The learning approach taken by this article (embedding flash cards + reminders) article shows how computing medium can be extended to augment our understanding. This scratches the surface of Alan Kay’s vision of computers being tools that extend our mind.
If you’re curious about spaced repition flash card approach to learn new math theorems, machine learning concepts etc Micheal has written extensively about it in the above link.
The free app Anki is example of good software aimed at expanding our capabilites rather than popular objective of draining attention.
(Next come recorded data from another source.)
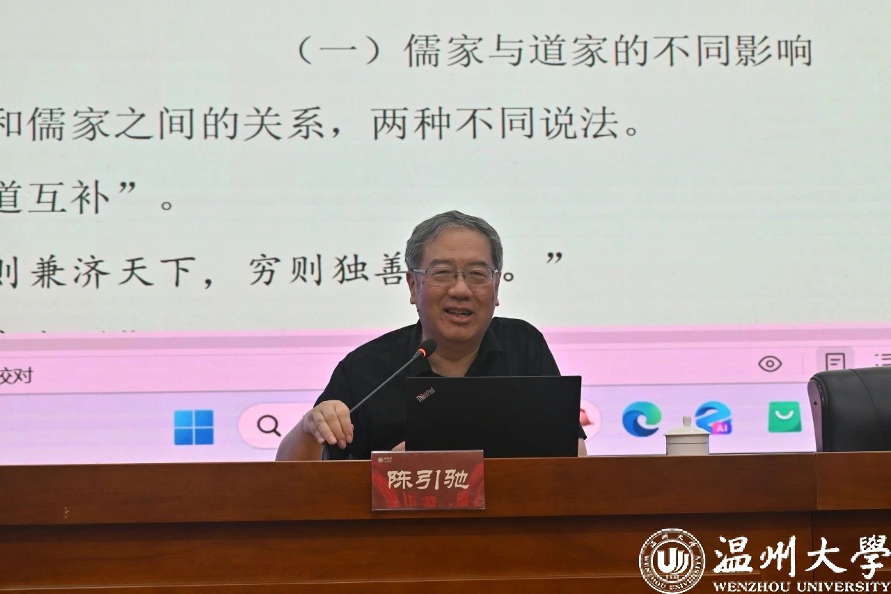 2025年5月22日晚,复旦大学中文系陈引驰教授应邀在我校育英图书馆报告厅,作了一场题为“庄子的思想及现代启示”的专题讲座。本次讲座由孙良好教授主持,杨万里教授参与探讨。本次讲座吸引了校内外百余名师生前来聆听。
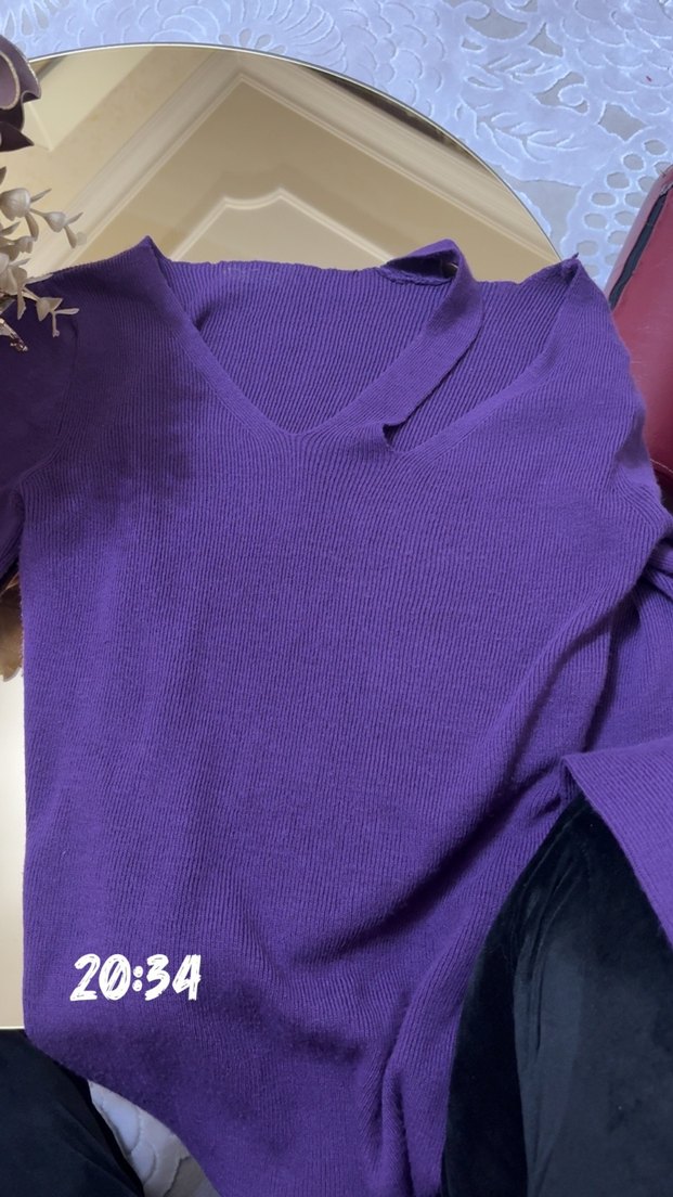 Mor renkli, V yakalı, uzun kollu, rahat kesim triko kazak. Normal boyda, desen içermeyen ve günlük kullanıma uygun sıcak bir tasarım.
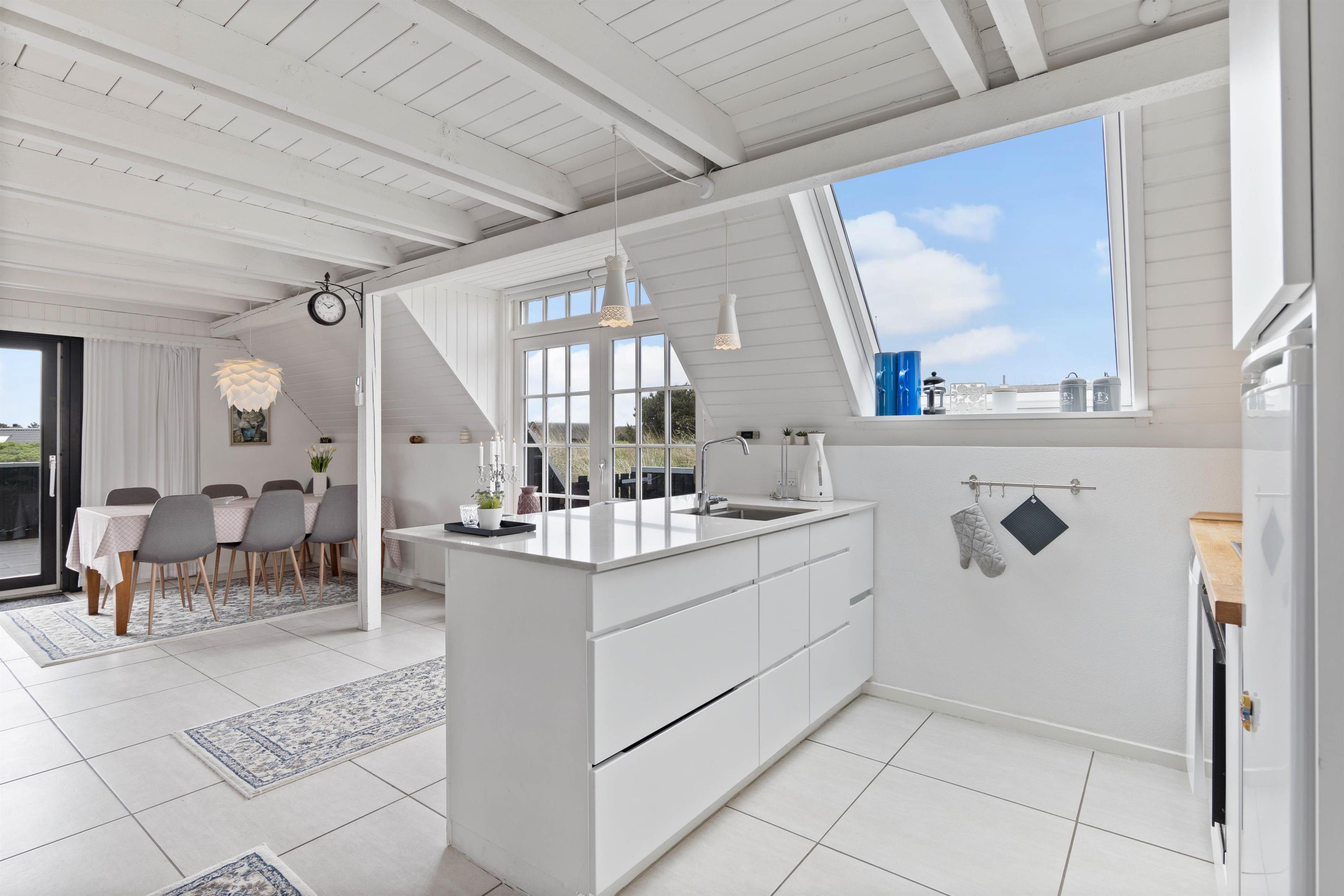 Det kombinerede køkkenal- og stuerum fungerer som husets hjerte, og brændeovnen i midten af rummet sørger for dejlig varme og en hyggelig ferieatmosfære med dens knitrende flammer hele året rundt. Hvis I dog ønsker en mere bæredygtig og økonomisk løsning til at varme huset op, så kan i også bruge husets varmepumpe, der kan sørge for et behagelig temperatur året rundt. De mange vinduer og de hvidmalede vægge- og lofter, sørger for et virkelig lyst og rart opholdsrum, hvor I virkelig kan have nogle hyggelige stunder.

It has web, desktop and mobile versions for creating Anki (flash) cards with spaced repitition tracking. I am in the process of adopting it for my learning. Not yet successful in integrating it fully, will blog more about my experience in future.
Related learning tool I found is Polar.
“A powerful document manager for web pages, textbooks, PDFs, and anything you want to read. Supports tagging, annotation, highlighting and keeps track of your reading progress.”
It doesn’t have a firefox extension yet. But it allows creating anki cards that can be synced to Anki app from web highlights. This helps in creating a learning expereince like the quantum computing blog for any document.
Platonism vs Aristotelianism is an age old debate in philosophy. Professor Balaji (a teacher of mine) had a strong notion that the current mathematics we have is strongly influenced by our spatio-visual sense. Stumbled upon the above post which makes similar claims. It claims that certain cognitive priors are necessary to converge upon ideas which some consider as universal.
I don’t know enough to lean on any side of the debate heavily. But my intution lies with universality/platonism of physics, mathematics and computatability. I think even if Alien’s use some other metaphors to arrive at Lambda Calculus, the underlying notion of universal computability (if correct) will be the same.
I am now exploring search systems over neural net generated representation (vector spaces). This generally involves approximate methods such as Locality senstive Hashing. The method described in this post was interestingly derived from the sense of smell of fruit-flies. This lends some weight top the notion that our cognitive reliance on certain senses (vision) makes some ideas intutive, but exploring outside it can expand our horizons. (Purely my speculation to be taken with a grain of salt.)
To eliminate errors make them impossible in runtime is a mantra I stand behind. Programming Patterns that are finally entering mainstream (after stewing in the academic functional world) such as Optional are moving errors to compile time. Among the patterns, type state caught my eye. Using rust’s borrow checker and other langauge features allows one to build compile time state machines. They can be as simple as allowing the compiler to disallow methods such as read on file references that are closed. Or it can be taken one step beyond to write a full blown state machines that track the current state in compile time. ie Say you have an API that needs a handshake to be performed before sending, you can ensure in compile time that the “send” method can be called only after “handshake” is called. How awesome is that.
This article explains what the usally hyped functional programming concept of monad solves for a imperative programmer. I have not dived deeply into any functional language yet. Seeing how even weakly adopted fucntional programming concepts such as Optionals (algebraic data types) and Optional Chaining (which is a monad) makes me question what is the cost with which the programming world is ignoring Functional paradigmn. Are the functional languages difficult to learn, or is it exposure bias towards imperative languages? Or do we need the functional abstractions to be put in better terms for people to grok them? Only time will tell.